» PROBLEM TO WORK ON
Once the images are set aside, return every entry exactly.

Excerpts from a dataset:
BEGIN

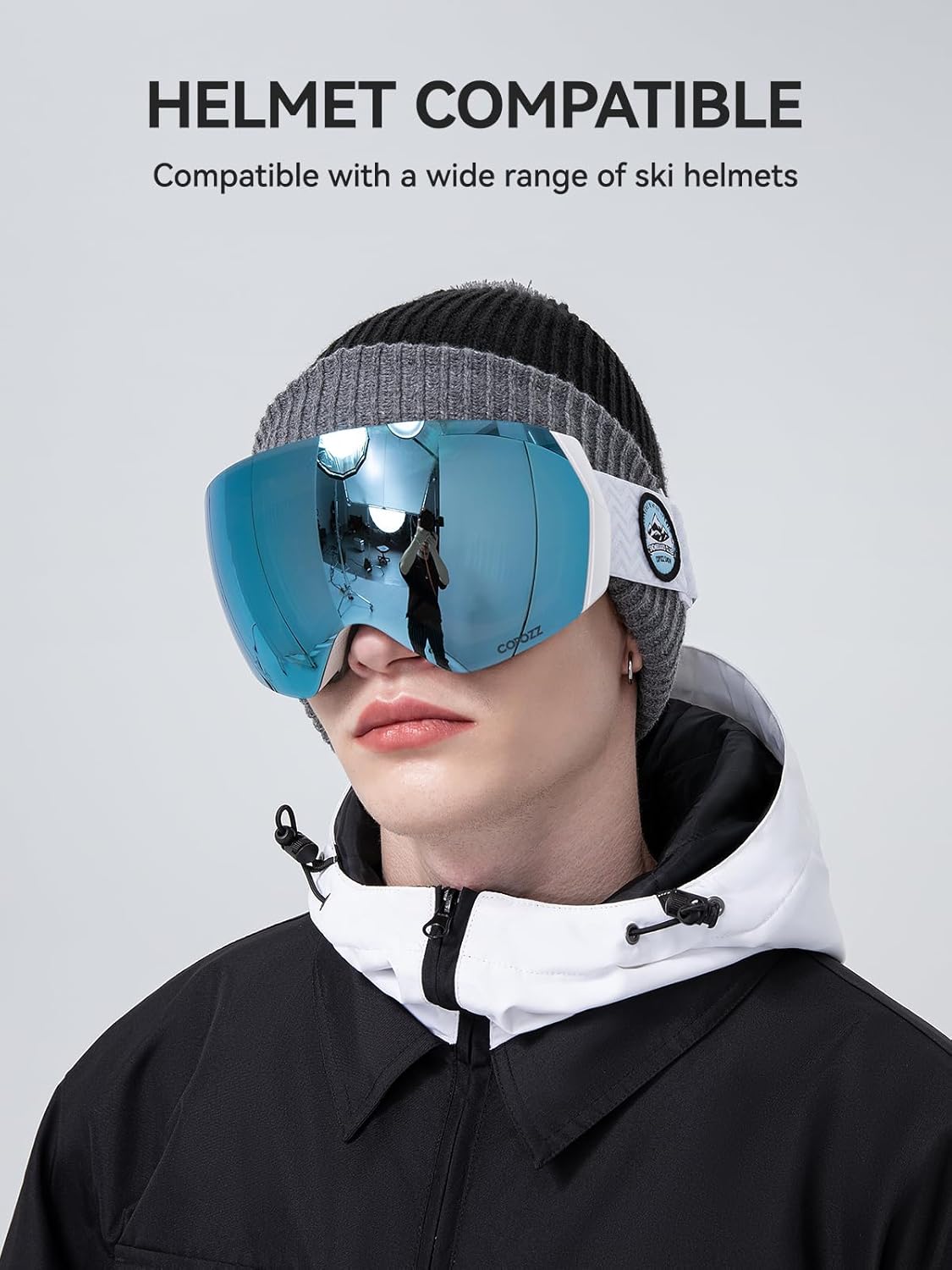 COPOZZ H2 Ski Goggles, Hyperbolic OTG Snow Goggles, Reduce Visual Distortion, Anti Fog UV Protection Interchangeable Lens, Snowboard Goggles for Adult Men Women Youth
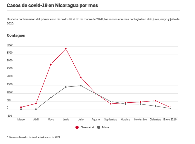 Desde la llegada de la pandemia a Nicaragua, los meses que más casos se reportaron fueron mayo y junio. Después hubo un descenso sostenido en los contagios y muertes, que llevó, incluso, al Observatorio Ciudadano a registrar menos contagios que el Minsa en el mes de septiembre.
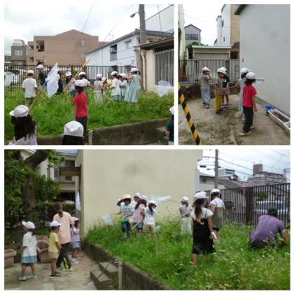 ショウリョウバッタや大きなカマキリがいました。あみとかごを交代してみんなで虫を見つけました。
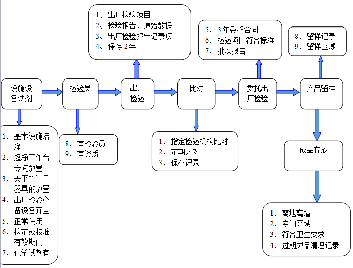 檢驗項目:檢驗室設施、設備、化學試劑情況;應具備相應能力的檢驗員;出廠銷售成品是否具有出廠檢驗;自行出廠檢驗公司實驗室是否具有測量比對;委托檢驗情況;產品留樣情況;成品庫成品存放是否符合要求。
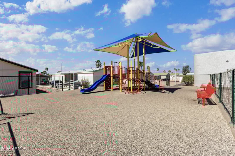 Listing details for 9431 Corabell Ave #65, Mesa, AZ 85208 : Enjoy Sitting on your front porch looking over the community pool and playground or hold a BBQ in your fenced rear yard that is landscaped with plush green artifical grass and landscaped borders. There is a Large kitchen and vaulted ceilings for an open and spacious feel. Appliances included in the sale are a Gas Stove, Dishwasher, Refrigerator and a Washer/Dryer. Highlighting the interior is a Modern, well-maintained home with upgrades throughout. There is a convenient Tuff Shed storage room out back. . The location is within walking distance to the elementary school, middle school, and high school. Two covered parking spaces are uncluded.
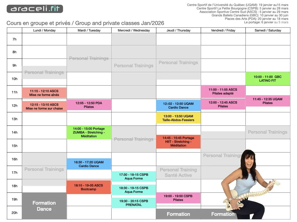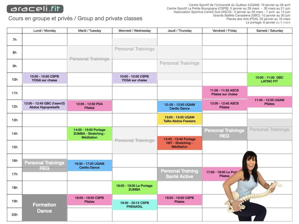 Horaire des cours en groupe et privés
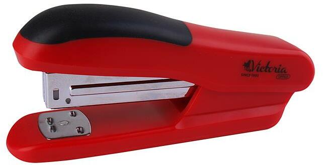 Tűzőgép, 24/6, 20 lap, VICTORIA OFFICE, "Half-Strip", piros -műanyag test -fémszerkezet -kapocs betöltése felülről -tűző-, fűző- és szegezőfunkció -tűzési mélység: 52 mm -kapacitás: 20 lap -megfelelő kapocsméret: 24/6
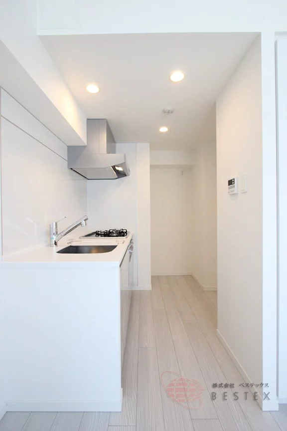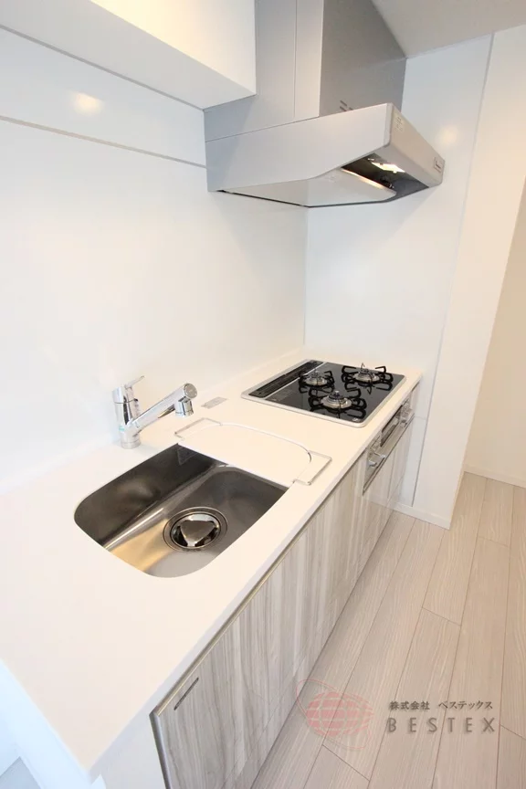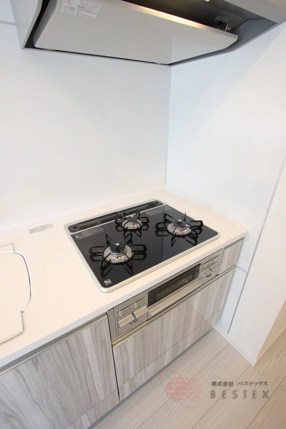 キッチンは3口ガスコンロのシステムキッチンで、調理スペース含めた広さもあり、収納も豊富に備わっています♪
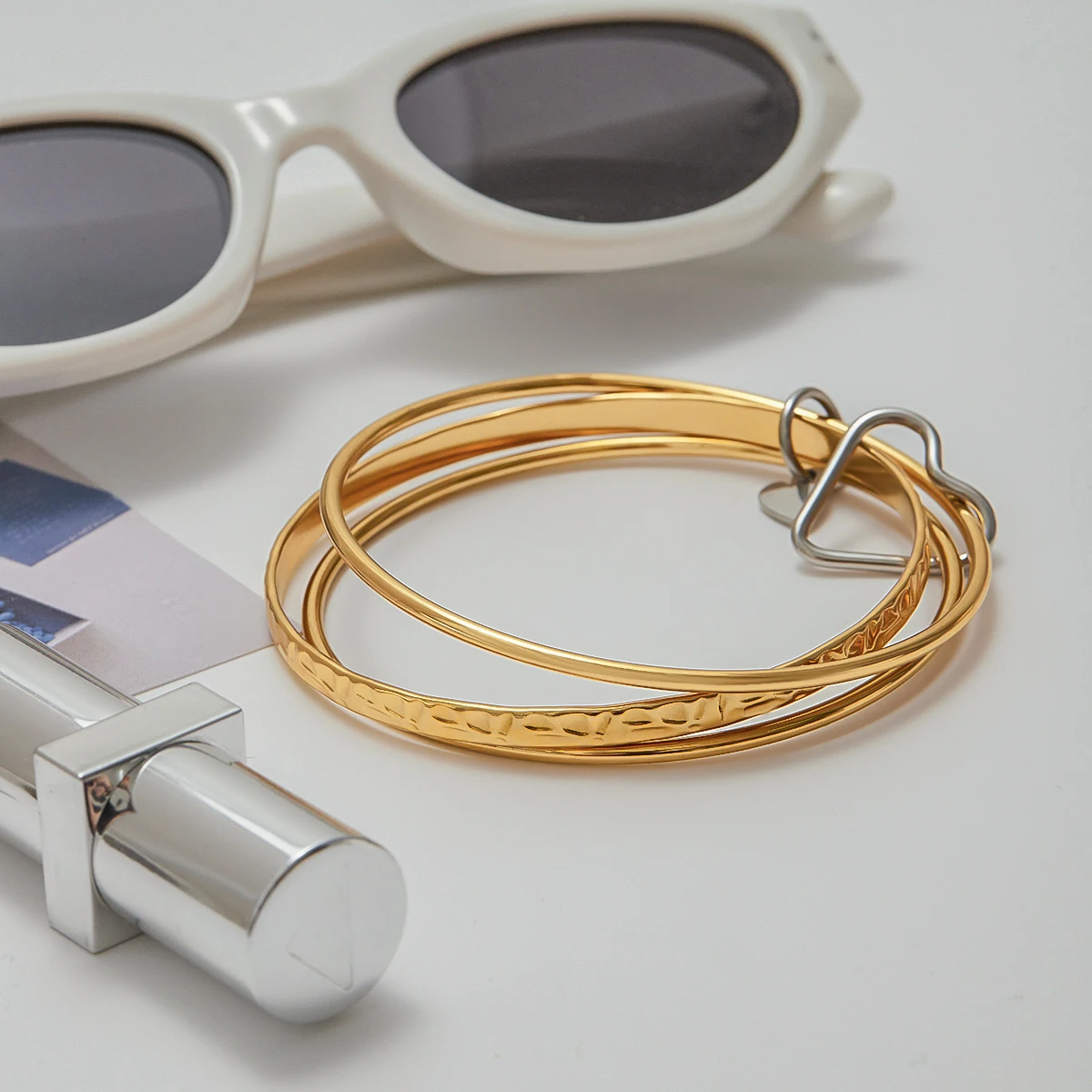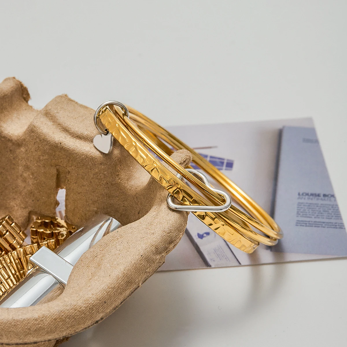 Imagine adding a touch of sophistication to your everyday style with this set of modern stainless steel bangles. Designed for women who appreciate sleek, minimalist aesthetics, these multi-layered bangles feature a contemporary blend of gold and silver tones. The set includes two gold-colored bangles with subtle textured details and one silver-tone bangle with a charming hollow heart-shaped pattern. Crafted from durable, waterproof stainless steel, they boast a polished, shiny surface that resists weather conditions and maintains its brilliance over time. The bangles are lightweight, round, and slip effortlessly onto your wrist without any clasps, ensuring a comfortable fit. Perfect for both casual and formal occasions, this jewelry set exudes timeless elegance with a modern twist.
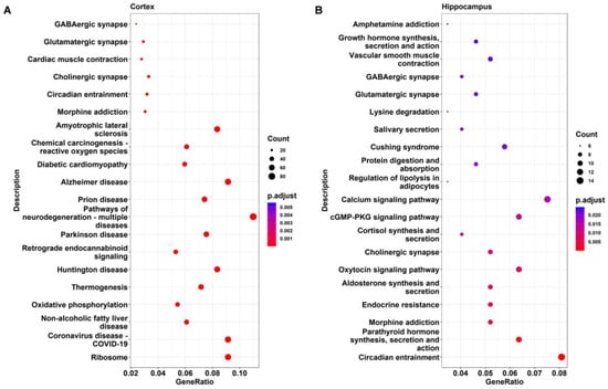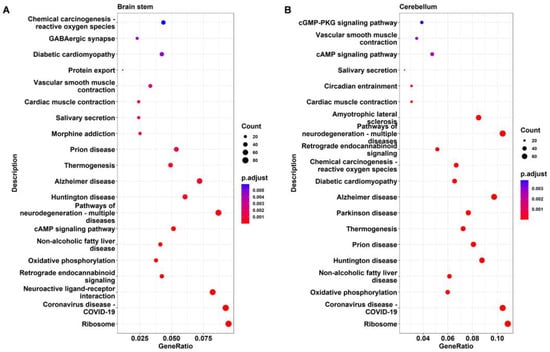 KEGG analysis was applied to further identify the important pathways associated with the DEGs. The top 20 significantly enriched pathways in DAPK1-KO mice compared with WT mice for males and females are depicted in Figure 6, Figure 7, Figures S7 and S8, respectively. The KEGG analysis revealed that several pathways, including ribosome-related, coronavirus disease 2019 (COVID-19), age-associated, nonalcoholic fatty liver disease (NAFLD), and oxidative phosphorylation pathways were significantly enriched in the cerebral cortex, brain stem, and cerebellum, but not in the hippocampus. Similarly affected were many neurodegenerative disease-related pathways, such as AD, PD, and HD. COVID-19 was the most significantly enriched KEGG pathway in the cerebral cortex, brain stem, and cerebellum, with 69, 81, and 75 related genes for DAPK1-KO males (49, 52, and 75 DEGs for DAPK1-KO females), respectively. Moreover, the main enriched pathways in the hippocampus were endocrine-related pathways, such as morphine addiction, salivary secretion, and parathyroid hormone synthesis, secretion, and action. We also found that circadian entrainment and synapse-related pathways, including glutamatergic synapses and GABAergic synapses, were significantly enriched in almost all tissues. Consistent with the number of DEGs and GO terms, the number of significant KEGG pathways was smaller in the hippocampus than those in other brain regions, especially the female hippocampus. However, the types of KEGG pathways enriched in males and females were similar in each brain region. Detailed information of KEGG pathway analysis is shown in Supplemental File S5.
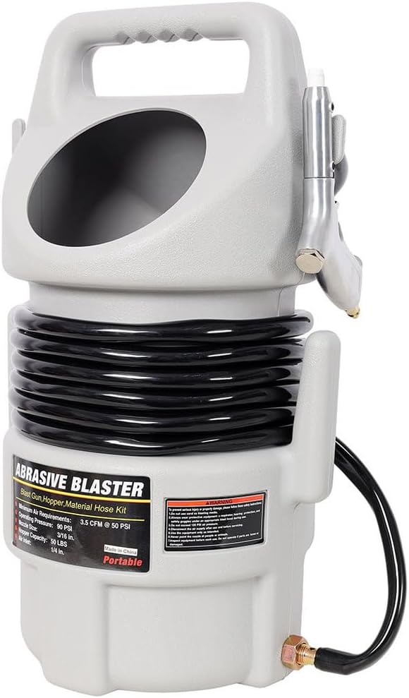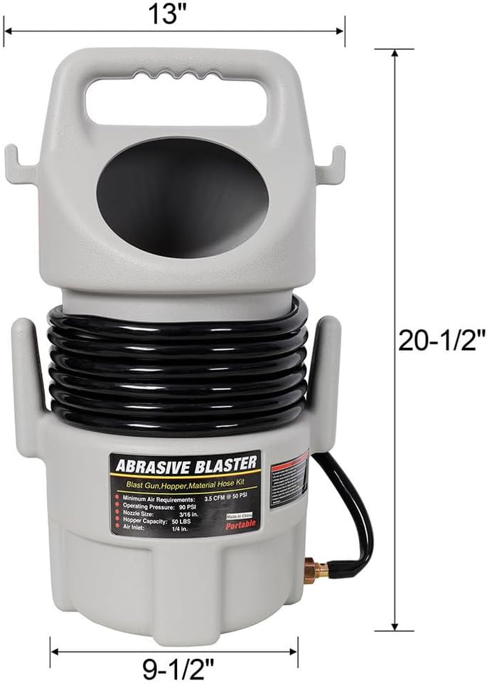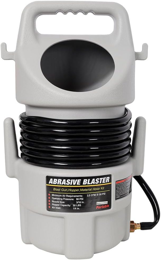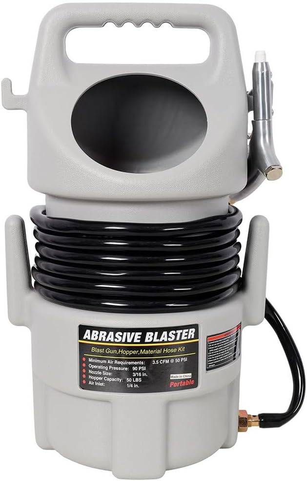 • Complete Blasting Kit: Includes a large capacity hopper, durable aluminum blast gun, and a 15-foot material hose for flexible and efficient operation.
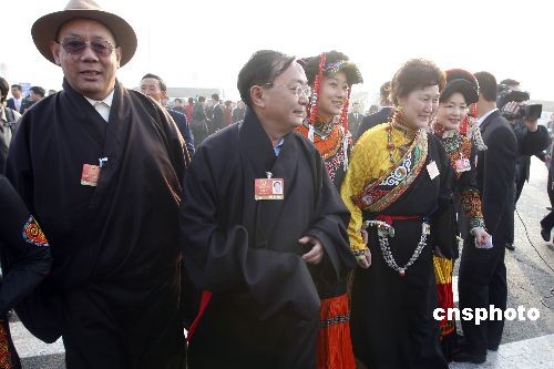 3月5日上午,十一屆全國人大二次會(huì)議在北京人民大會(huì)堂開幕。來自四川的全國人大代表甲登·洛絨向巴、李昌平等一同步入會(huì)場。中新社發(fā) 盛佳鵬 攝
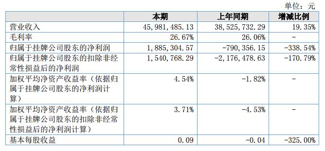 報(bào)告期內(nèi)實(shí)現(xiàn)營業(yè)收入45,981,485.13元,同比增長(zhǎng)19.35%;公司營業(yè)成本33,718,838.50元,同比增長(zhǎng)18.37%;銷售費(fèi)用為2,550,867.25元,同比增加416133.38元。財(cái)務(wù)費(fèi)用593,809.12元,同比增加136,481.31元;公司實(shí)現(xiàn)歸屬于掛牌公司股東的凈利潤1,885,304.57元,同比增長(zhǎng)338.54%,主要是公司積極拓展市場(chǎng),提高了產(chǎn)品的銷量,營業(yè)收入同比增加了19.35%。?

END

» FINISHED EXERCISE
 COPOZZ H2 Ski Goggles, Hyperbolic OTG Snow Goggles, Reduce Visual Distortion, Anti Fog UV Protection Interchangeable Lens, Snowboard Goggles for Adult Men Women Youth
 Desde la llegada de la pandemia a Nicaragua, los meses que más casos se reportaron fueron mayo y junio. Después hubo un descenso sostenido en los contagios y muertes, que llevó, incluso, al Observatorio Ciudadano a registrar menos contagios que el Minsa en el mes de septiembre.
 ショウリョウバッタや大きなカマキリがいました。あみとかごを交代してみんなで虫を見つけました。
 檢驗項目:檢驗室設施、設備、化學試劑情況;應具備相應能力的檢驗員;出廠銷售成品是否具有出廠檢驗;自行出廠檢驗公司實驗室是否具有測量比對;委托檢驗情況;產品留樣情況;成品庫成品存放是否符合要求。
 Listing details for 9431 Corabell Ave #65, Mesa, AZ 85208 : Enjoy Sitting on your front porch looking over the community pool and playground or hold a BBQ in your fenced rear yard that is landscaped with plush green artifical grass and landscaped borders. There is a Large kitchen and vaulted ceilings for an open and spacious feel. Appliances included in the sale are a Gas Stove, Dishwasher, Refrigerator and a Washer/Dryer. Highlighting the interior is a Modern, well-maintained home with upgrades throughout. There is a convenient Tuff Shed storage room out back. . The location is within walking distance to the elementary school, middle school, and high school. Two covered parking spaces are uncluded.
 Horaire des cours en groupe et privés
 Tűzőgép, 24/6, 20 lap, VICTORIA OFFICE, "Half-Strip", piros -műanyag test -fémszerkezet -kapocs betöltése felülről -tűző-, fűző- és szegezőfunkció -tűzési mélység: 52 mm -kapacitás: 20 lap -megfelelő kapocsméret: 24/6
 キッチンは3口ガスコンロのシステムキッチンで、調理スペース含めた広さもあり、収納も豊富に備わっています♪
 Imagine adding a touch of sophistication to your everyday style with this set of modern stainless steel bangles. Designed for women who appreciate sleek, minimalist aesthetics, these multi-layered bangles feature a contemporary blend of gold and silver tones. The set includes two gold-colored bangles with subtle textured details and one silver-tone bangle with a charming hollow heart-shaped pattern. Crafted from durable, waterproof stainless steel, they boast a polished, shiny surface that resists weather conditions and maintains its brilliance over time. The bangles are lightweight, round, and slip effortlessly onto your wrist without any clasps, ensuring a comfortable fit. Perfect for both casual and formal occasions, this jewelry set exudes timeless elegance with a modern twist.
 KEGG analysis was applied to further identify the important pathways associated with the DEGs. The top 20 significantly enriched pathways in DAPK1-KO mice compared with WT mice for males and females are depicted in Figure 6, Figure 7, Figures S7 and S8, respectively. The KEGG analysis revealed that several pathways, including ribosome-related, coronavirus disease 2019 (COVID-19), age-associated, nonalcoholic fatty liver disease (NAFLD), and oxidative phosphorylation pathways were significantly enriched in the cerebral cortex, brain stem, and cerebellum, but not in the hippocampus. Similarly affected were many neurodegenerative disease-related pathways, such as AD, PD, and HD. COVID-19 was the most significantly enriched KEGG pathway in the cerebral cortex, brain stem, and cerebellum, with 69, 81, and 75 related genes for DAPK1-KO males (49, 52, and 75 DEGs for DAPK1-KO females), respectively. Moreover, the main enriched pathways in the hippocampus were endocrine-related pathways, such as morphine addiction, salivary secretion, and parathyroid hormone synthesis, secretion, and action. We also found that circadian entrainment and synapse-related pathways, including glutamatergic synapses and GABAergic synapses, were significantly enriched in almost all tissues. Consistent with the number of DEGs and GO terms, the number of significant KEGG pathways was smaller in the hippocampus than those in other brain regions, especially the female hippocampus. However, the types of KEGG pathways enriched in males and females were similar in each brain region. Detailed information of KEGG pathway analysis is shown in Supplemental File S5.
 • Complete Blasting Kit: Includes a large capacity hopper, durable aluminum blast gun, and a 15-foot material hose for flexible and efficient operation.
 3月5日上午,十一屆全國人大二次會(huì)議在北京人民大會(huì)堂開幕。來自四川的全國人大代表甲登·洛絨向巴、李昌平等一同步入會(huì)場。中新社發(fā) 盛佳鵬 攝
 報(bào)告期內(nèi)實(shí)現(xiàn)營業(yè)收入45,981,485.13元,同比增長(zhǎng)19.35%;公司營業(yè)成本33,718,838.50元,同比增長(zhǎng)18.37%;銷售費(fèi)用為2,550,867.25元,同比增加416133.38元。財(cái)務(wù)費(fèi)用593,809.12元,同比增加136,481.31元;公司實(shí)現(xiàn)歸屬于掛牌公司股東的凈利潤1,885,304.57元,同比增長(zhǎng)338.54%,主要是公司積極拓展市場(chǎng),提高了產(chǎn)品的銷量,營業(yè)收入同比增加了19.35%。?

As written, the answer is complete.